Legends of Belariath

Valayne

Valayne was born in a well hidden village deep inside the Sylvan forests into a rather normal family, a loving mother and a even more loving father. The small child didn’t miss a thing there, be it attention from both parents nor cheerful friends to play with under the shady green leaf canopy. Still the young elf learned quite quickly that she was still missing something, unknown yet what it was as she grew up more and more, the aching in her chest the driving force that led her to various places. She seemed curious to her kin for testing many things and professions without finding the one that she was searching for, a place that felt right until she met one of the older rangers. Being a young flower and not someone to teach her request to take her along was denied be the elder elf but stubborn and strong willed as she was that didn’t mean she would give up.

She followed him into the woods, causing her parents to worry about the young one but still it was tolerated. Of course she was noticed by the elder one, but he turned each time he went out, and noticed the clumsy girl behind him into a lesson. He taught her basic things by doing them. This continued over three years in which she would sneak out to watch the elder ranger and after returning going out herself to try and test the things she had seen. Unknown to her the elder ranger had followed her each time she had gone out on her own, smiling often to himself in a save distance while he watched her attempts to imitate the things he had shown her.

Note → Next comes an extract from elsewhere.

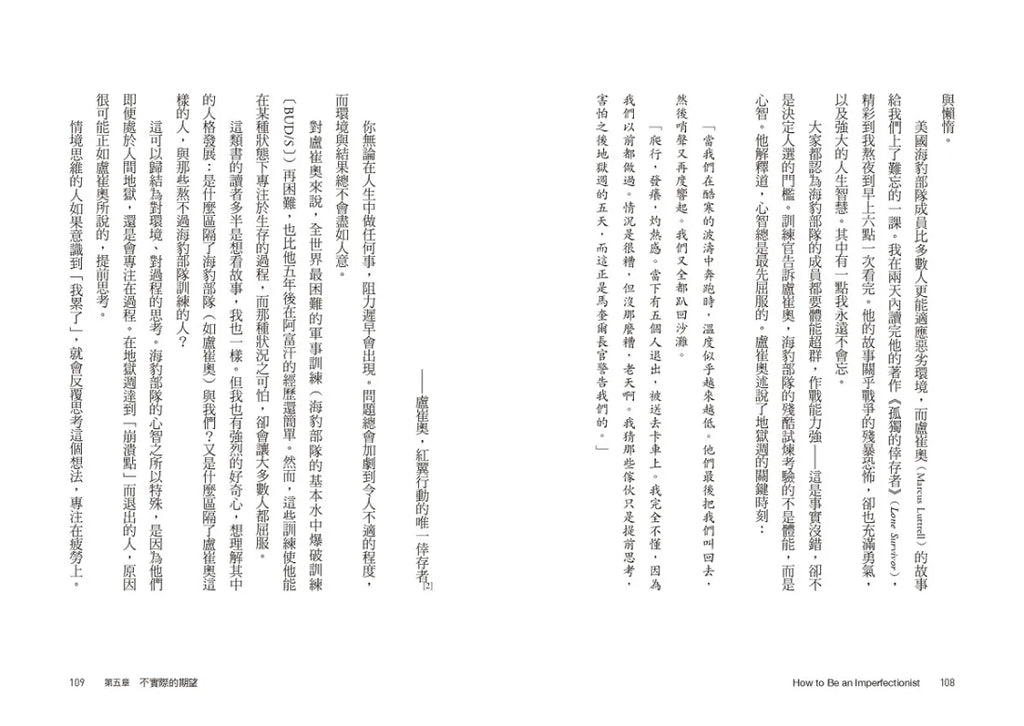 「討論到了非常多現代人的痛苦誘因:拖延、不自信、怕出錯、在意他人看法、沾沾自喜於完美主義等。文筆非常幽默,擅長比喻和舉例,閱讀過程非常暢快。」

In the early weeks of their fourth year Valayne noticed the ranger watching her and managed to slip away and hide herself. Puzzled by the fact that he had been found out by the young one he still managed to find her easily after a few minutes, but with a broad smile on his lips. He told her that she had been a little cheeky brat, not familiar with the woods and the things necessary to live out there. But now he let her accompany him on the journeys between villages or hunts. From then on her education in the way of living with and solely off the forest began, and for more than a decade they wandered together.

Still they never asked each others names, the curiosity and the love for the dark green around them binding them closer together than any form of social interaction could do. She learned to use a bow for hunting and fighting, as well as the usage of a knife to make traps, skin a small animal or to make a light spear for fishing. She learned how to create a shelter only by the dead things the forest has left behind and offered for them as well as the basic plants that could be used for eating or tending to smaller wounds. Still he didn’t tell her what to do, he simply showed and watched as she did it herself until one day he left, without telling where he would go or where to meet. It was her graduation from being a mere follower to someone that was able to live within the forest’s embrace but it still left a hole in her heart to lose the companion she had spent most of a decade with.

Not sure where to go the small elf decided that she was old enough now to seek her own guiding spirit, a decision she never regretted even though she spent nearly another decade finding and learning from a beautiful, winged creature that had revealed itself to her. The owl showed her how to hunt without a sound, where to sit and watch for their prey as well as the way they lived, which trees they liked more and how to search for a mate, how to educate their little offspring until they became elegant and skilled hunters of the night.

When she finally decided that she had learned everything from the spirit that had taken her request of guidance the pale Sylvan had spent nearly more time outside the villages than inside, her feet leading her back to the place she had once called home to find that everything there was still the same. Her parents welcomed her with the same, loving embrace they had kept her in without holding her back and a night of celebration and send-off at the same time. On the very next day she picked up her worn out clothes, the bags and things she had decided were worth the effort to carry along before she embraced her parents and the friends of childhood a last time, turning her back on the village to leave again, curiosity and wanderlust engraved to deeply into her to stay in the world she already knew.